You are correct that there would be problems with compatibility across i18n engines/libraries. ICU and Windows for example cover a lot of same locales, but I think they name them in a different way. So an JS engine implementation for ICU would differ from Windows or libc implementation (when I say Windows implementation I mean using Windows calls to collate, format... instead of a 3rd party library).
From the proposal "The biggest problem is the size and complexity of data needed for collation process". Given that this data is so huge, requiring all JS engines to include it for all locales ever invented doesn't sound good.
I think it's more the combination of algorithm complexity and data size that prevents current implementation (closure, dojo) to offer collation. Also, most of the locales have fairly small data set needed for the collation (couple of kilobytes). The biggest tables are for CJK, but they can be pruned down (with loss of features).
Android for example uses ICU in pruned down form - it supports only subset of all ICU locales, and I think that's a usual approach for other features in smartphone industry (including fonts).

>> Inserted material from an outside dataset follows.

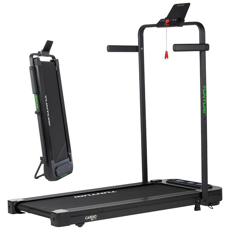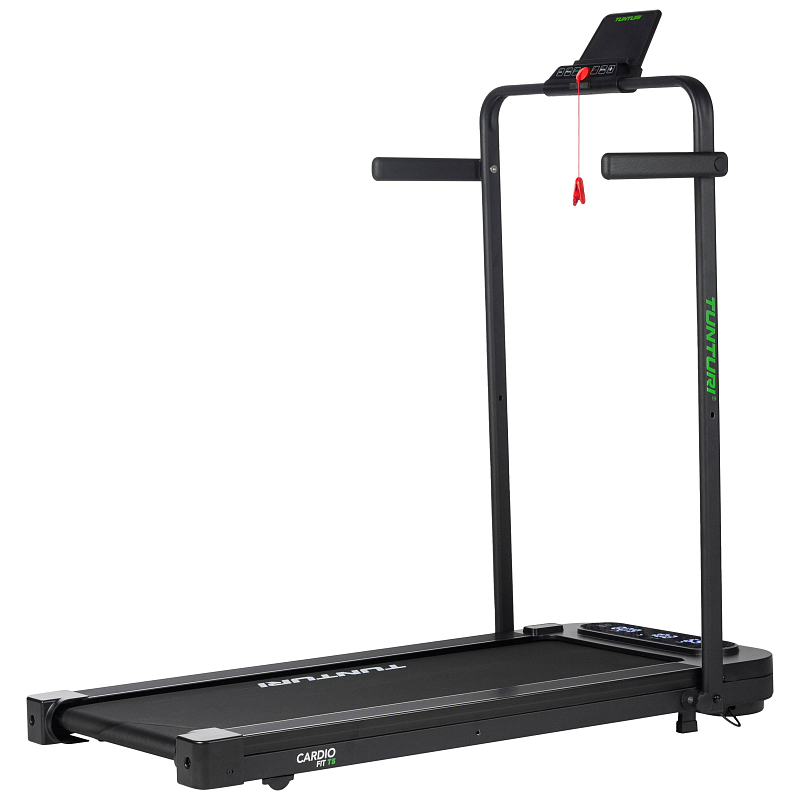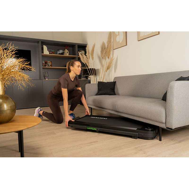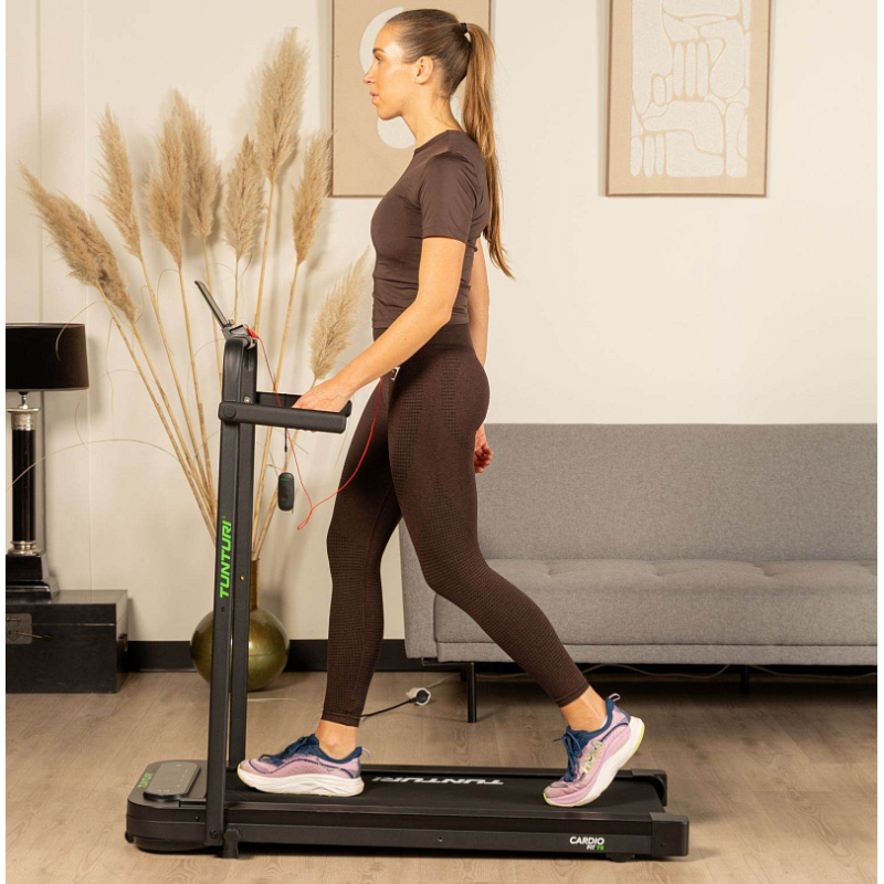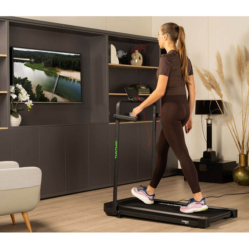 TUNTURI Cardio Fit T5 je ideální volbou pro každého, kdo si chce udržet aktivní životní styl i na malém prostoru. Díky velmi nízkému profilu a možnosti úplného složení ho snadno uložíte pod postel, za skříň nebo pod gauč. Pás nabízí rychlost až 8 km/h, je vybaven komfortním odpružením a tichým motorem, takže si můžete zacvičit kdykoliv, aniž byste rušili okolí. Běžecká plocha o rozměru 100 × 40 cm poskytuje dostatek prostoru pro pohodlnou chůzi nebo pomalý běh.

Most of the browsers already have full access to the collation data (IE through Windows API, Chrome through ICU...), so they wouldn't grow in size, if JS engine were to use that data.
How about a system where locales can be described in a JSON based
format and loaded into the running JS implementation?
There are some projects underway that would host/expose CLDR data as JSON objects, but I am afraid that would bring more problems to the proposal:
- We would need to agree on what goes into JSON (yet another standard?)
- How would one use JSON data (rewrite parts of ICU or Windows i18n calls to use JSON?)
- Where to host JSON data, what if the user is offline?
A positive thing about the proposal: It doesn't, if I have understood it correctly, have a concept of a context-global locale setting. No global state? I like this.
Yes, it doesn't have global locale. You are free to create as many locales per, say web page, and use them to sort, format and parse.
We would like to propose adding i18n API to the EcmaScript standard (either as standard library or part of the language).
Our current proposal is at EcmaScript i18n APIdocs.google.com/Doc?docid=0AW406aVETP5_ZGh0dHJxNXZfMGM4azV2a2Ro&hl=en (open to edits). We will migrate the document to the proper strawman wiki page as soon as we get access to it.
We feel that our current proposal represents the minimum set of objects and methods needed, but we could certainly extend it to cover number/currency formatting/parsing and possibly calendar support. Our main goal was to start with minimal proposal and get early feedback from the community.